Referring to fig. 4, the fcn classifies the data output by the bottleneck using a Dropout strategy and a softmax function to obtain a final recognition result. In this embodiment, two full-connection layers are adopted, the number of neurons is 512, and the dropout coefficient takes a value of 0.2.

The above-mentioned embodiments are only preferred embodiments of the present invention, but the protection scope of the present invention is not limited thereto, and those skilled in the art can substitute or change the technical solution and the inventive conception of the present invention equally within the scope of the disclosure of the present invention.

Claims

1. The face recognition method based on the convolutional neural network and the attention model is characterized by comprising the following steps of:

s1, preprocessing a face image;

S5, feature H (M (F) _c ) Inputting the face recognition result into a full convolution network classification structure, and obtaining a final face recognition result by using a Dropout strategy and a softmax function;

step S3 comprises the steps of:

s31, the size of the output is (C _c ,W _c ,H _c ) Is spliced into a length C _c ×W _c ×H _c Is input vector V of (2) _c ；

S32, associating input vectors V by adopting full-connection network structure _c And a length W _c ×H _c Output vector V of (2) _p Establishing the relation between each high-dimensional characteristic pixel point and other pixel points and channels;

s33, generating an attention feature map through a sigmoid activation function by convolution output;

s34, combining the attention characteristic diagram with the high-dimensional characteristic F output in the step S2 _c Tensor multiplication is performed to form attention enhancement to the spatial domain and the channel domain, and the attention enhanced features M (F _c )：

M(F _c )＝ψ(f ^C×W×H (Contact(F _c )))＝ψ(f ^C×W×H (V _c ))

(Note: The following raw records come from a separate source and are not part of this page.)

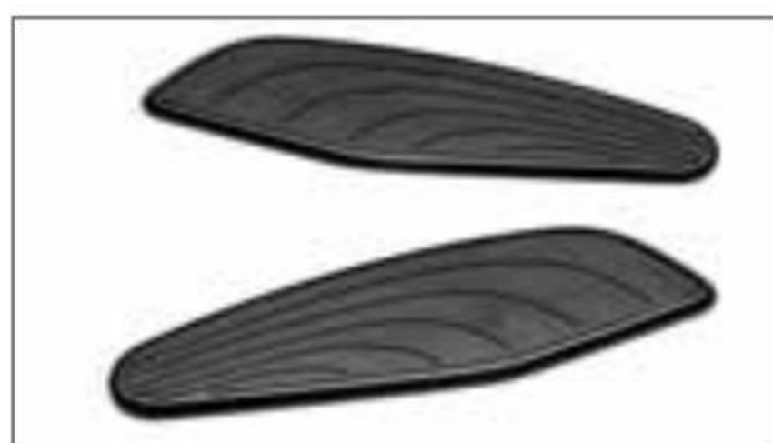
Side Tank Pads B34-F41D0-00-00
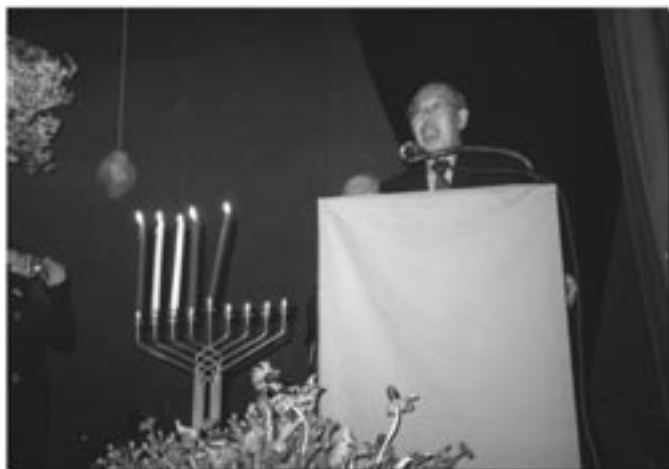
Ambassador Chen Younglong of China greets.
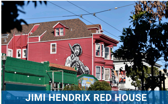
JIMI HENDRIX RED HOUSE
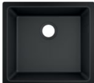
Undermount sink 450 S510-U450 # 43431, -170, -290, -380

Required accessories: D16-10 # 43927, -000 Manual waste and overflow set D16-11 # 43937, -000 Automatic waste and overflow set
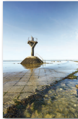
Take the mythical Passage du Gois, the causeway linking the mainland to the Island of Noirmoutier at low tide.
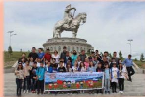
Miyakonojo City youth delegation to Mongolia (At Ulaanbaatar, July 2019)

T he beginning of exchanges between two cities dates back in 1992 when some citizens of Miyakonojo City visited Mongolia. There, they found nomads and children living only with a candle light, and wanted to bring light to them. After they went back to Japan, they established a small organization which made and sent wind power generators for Mongolia. These actions have continued for years and years. Based on these efforts of the organization, Miyakonojo City and Ulaanbaatar established sister city relationship in 1999.

In the formula, contact () is matrix splicing, f ^C×W×H () For the characteristic vector V _c Performing network calculation, wherein psi () is tensor multiplication calculation of the attention feature map;

the Bottleneck module in step S4 uses the Shortnut mechanism to obtain features based on one-dimensional convolution, which includes:

s41, feature M (F _c ) Performing dimension reduction;

s42, carrying out zero padding treatment on two ends of the feature vector after dimension reduction, and then carrying out one-dimensional convolution with a convolution kernel of 3;

s43, carrying out 1X 1 convolution again, recovering dimension and obtaining feature F _B (M(F _c ))；

S44, output feature H _B (M(F _c ) And) wherein H _B (M(F _c ))＝F _B (M(F _c ))+M(F _c )。

2. The face recognition method based on convolutional neural network and attention model of claim 1, wherein the preprocessing of step S1 comprises: normalizing face image size to

The face image is randomly turned left and right, the RGB image is converted into a gray image, and the face image tensor is standardized.

3. The face recognition method based on the convolutional neural network and the attention model according to claim 2, wherein the RGB image is converted into a gray image, specifically:

Gray _i ＝λ _i Gray+bias _i

wherein R, G and B respectively represent RGB three-channel pixel values of the original image; i denotes the i-th gray scale channel,

bias _i for bias item->

Gray _i ∈[0,255]。

4. A face recognition method based on convolutional neural network and attention model as recited in claim 3, wherein the number of channels n=3, λ ₁ 、λ ₂ 、λ ₃ Taking 0.37, 0.30 and 0.33 respectively; bias (BIAs) _i Is a randomly generated value.

5. The face recognition method based on convolutional neural network and attention model according to claim 2, wherein the face image tensor is normalized as follows:

wherein X is _i Input data for i channel, E (X _i ) Is the mean value, σ (X _i ) Is the standard deviation.

6. The face recognition method based on convolutional neural network and attention model as claimed in claim 1, wherein the image data input in step S2 is normalized in batch after passing through the first max pooling layer, picture downsampling is performed after each convolutional layer using max pooling, the number of convolutional layers is 5, and the contracted feature size W x H is the original picture

in which W is _h To convolve the neural network parameters, x _i For convolutional neural network input, m is the batch size.